If you have the MICRO’s Experimenters Kit, then going through the projects will be quite easy. If you do not have the Experimenters Kit, then you may like to get a PIC programmer so that you can program the software into a 16F84 chip to complete the projects.

Before we get going, you have to understand that a PIC, or any other microcontroller chip for that matter, is just a piece of silicon wrapped in plastic with pins sticking out to connect it to the outside world. It does not have any brains, nor can it think for itself, so anything the chip does is the direct result of our intelligence and imagination. Sometimes you may get the feeling that these things are alive and are put here to torment your every waking minute, but this is usually due to bugs in your software, not a personality inside the chip. So please remember:

The PIC will always do what you tell it to, not necessarily what you want it to.

One other thing that can cause problems is in the way you handle the chip itself. Your body is more than likely charged with Static Electricity and is usually the zap you feel when you touch a metal object after walking on nylon carpet or similar. The PIC’s most definitely do not like this high voltage discharging into them. It can destroy the functionality of the chip either totally or partially, so always try to avoid touching the pins with your fingers.
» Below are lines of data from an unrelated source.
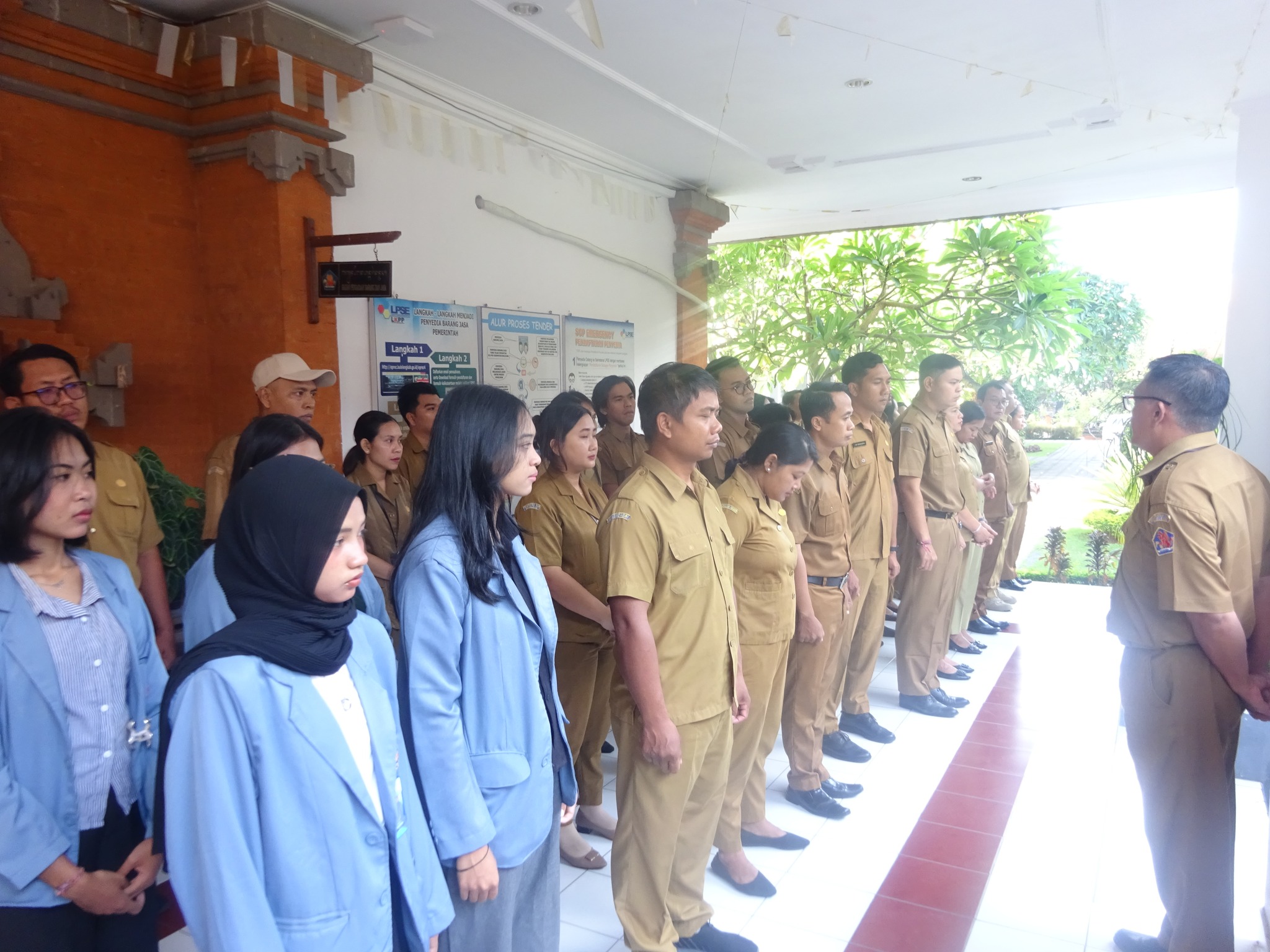 Singaraja, PASTI PBJ// Kepala Bagian Pengadaan Barang dan Jasa (PBJ) Setda Kabupaten Buleleng, I Made Suwitra Yadnya memimpin apel pagi yang diikuti oleh seluruh staf dan mahasiswa magang bertempat di halaman Sekretariat BPBJ Buleleng, Senin (20/10).
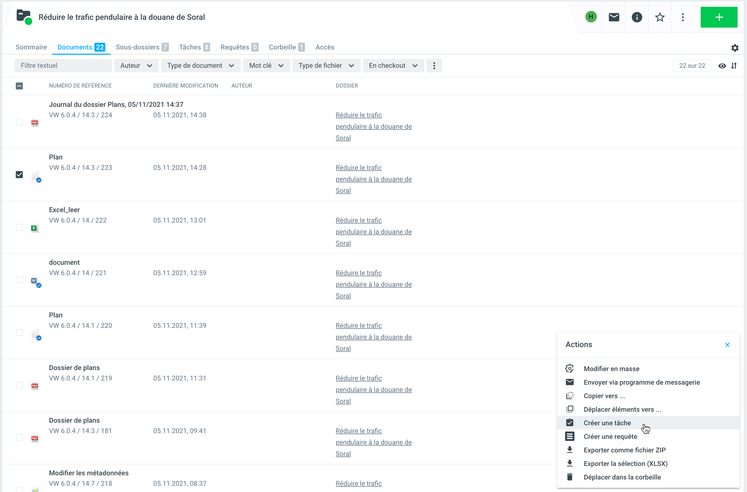 Documentset cliquez surNouvelle tâchedans le menu contextuel en bas à droite. Dans cette variante, les documents sélectionnés sont directement liés à la tâche.
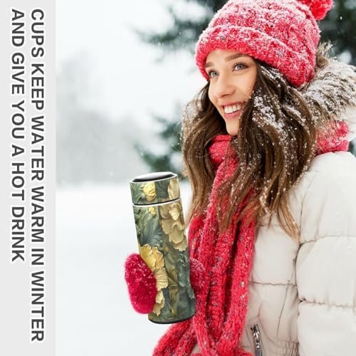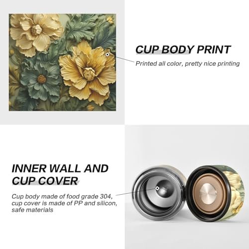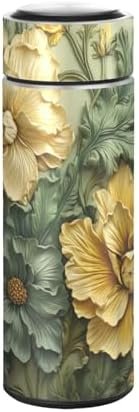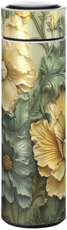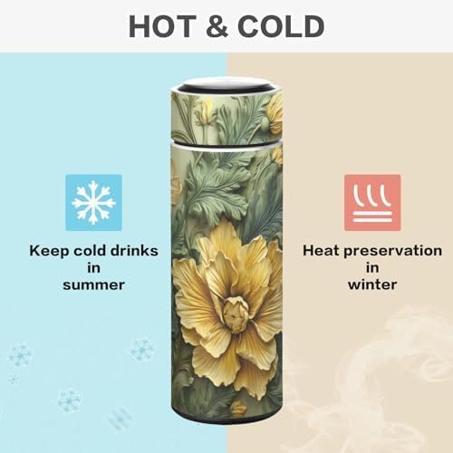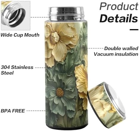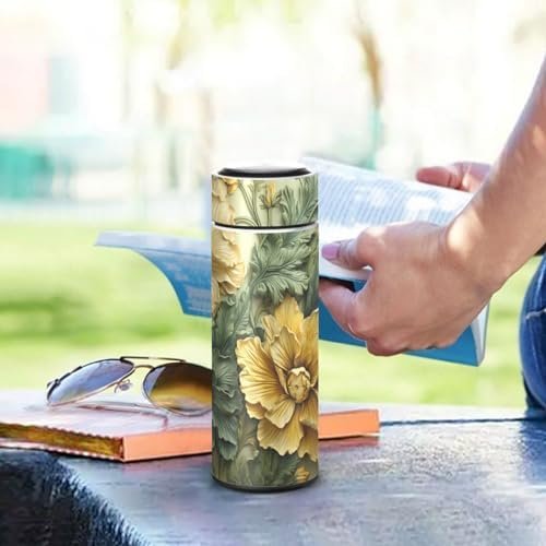 Yellow Watercolor Floral Pattern Water Bottle Stainless Steel Insulated Vacuum Flask Leak Proof Thermos for Boys Girls
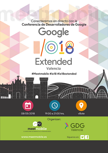 MEETMOBILE, el evento para los amantes de la tecnología móvil y GDG Valencia (Google Developers Group) organizan su próximo meetup el 8 de mayo de 2018. Será la versión local Google I/O Extended 2018 Valencia y en él asistiremos a la keynote que da inicio al congreso Google I/O del gigante de la tecnología de Mountain View, California.
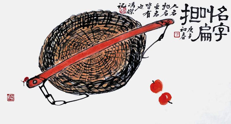 一天河南诗人李正品看到我画的那一幅《扁担图》,纠正说,严格讲这不是“扁担”而是“钩担”。扁担长,两端无钩,主要挑箩筐使用,钩担短,两端有铁环少许,末端置有铁钩,主要是挑水、打水。打水时还可当井绳使用。他说我画的正是钩担。李大哥有农村经验,这专业提醒立马引起我对扁担、钩担的回忆。
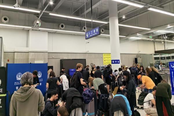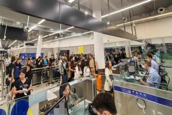 原来,因通关流程不熟、语言不通、又赶上入境高峰,50余名芭蕾舞团成员在皇岗口岸入境大厅犯了难。在详细了解该团人数、所持出入境证件签证、签证以及中方接待情况后,皇岗边检站执勤三队快速反应,结合现场通关客流,开足全部查验通道,并调整设置专用通道,提升查验效率。同时,增派警力在外国人入境卡填写处为代表团成员提供咨询帮助服务,及时进行客流疏导及秩序维护。执勤民警全力配合,高效为50余名芭蕾舞团成员办理入境手续,确保了口岸通关秩序安全有序稳定。
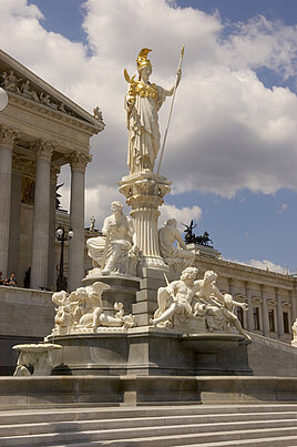 Az Osztrák Köztársasági Parlament székhelye egy óriási, benyomást keltö épület a bécsi Ringstrassén.
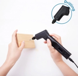 Atașamentul de burghiu pentru stiloul 3D MultiPro transformă dispozitivul într-o unealtă compactă de atelier pentru proiecte creative și hobby. Permite lucrări precise în materiale precum lemn, plastic, aluminiu sau sticlă subțire și este potrivit pentru detalii fine și mici reparații.

The PIC 16F84 data sheet is available in PDF format on the CD ROM in the Acrobat directory.

Flash That LED

This would have to be the universal number one project for new PIC programmers. If you have had anything to do with writing software for PC’s, then it would be the equivalent of writing “hello world” on the monitor for the first time.

You might be thinking at this stage...“What a boring project. I want to create a robot that does amazing things, not mess around with silly ‘hello world’ or LED flash programs.”

Patience my friend. Things like that will come in due course, and as the old saying goes, “You have to crawl before you can walk”.

OK then, so how do we get started?

You might be tempted to jump straight in and write volumes of code right from the start, but I can only say, that in all probability, your software will not work. Now this might sound a bit tedious, but “planning” is the best way to begin any piece of new software. Believe me, in the long run, your code will stand a much better chance of working and it will save you valuable time. Other benefits are that your code will be structured and documented much better, which means you can read through and understand it more easily in the future if the need arises.

So just how do we get this piece of silicon to do our bidding? In this case - flash a LED.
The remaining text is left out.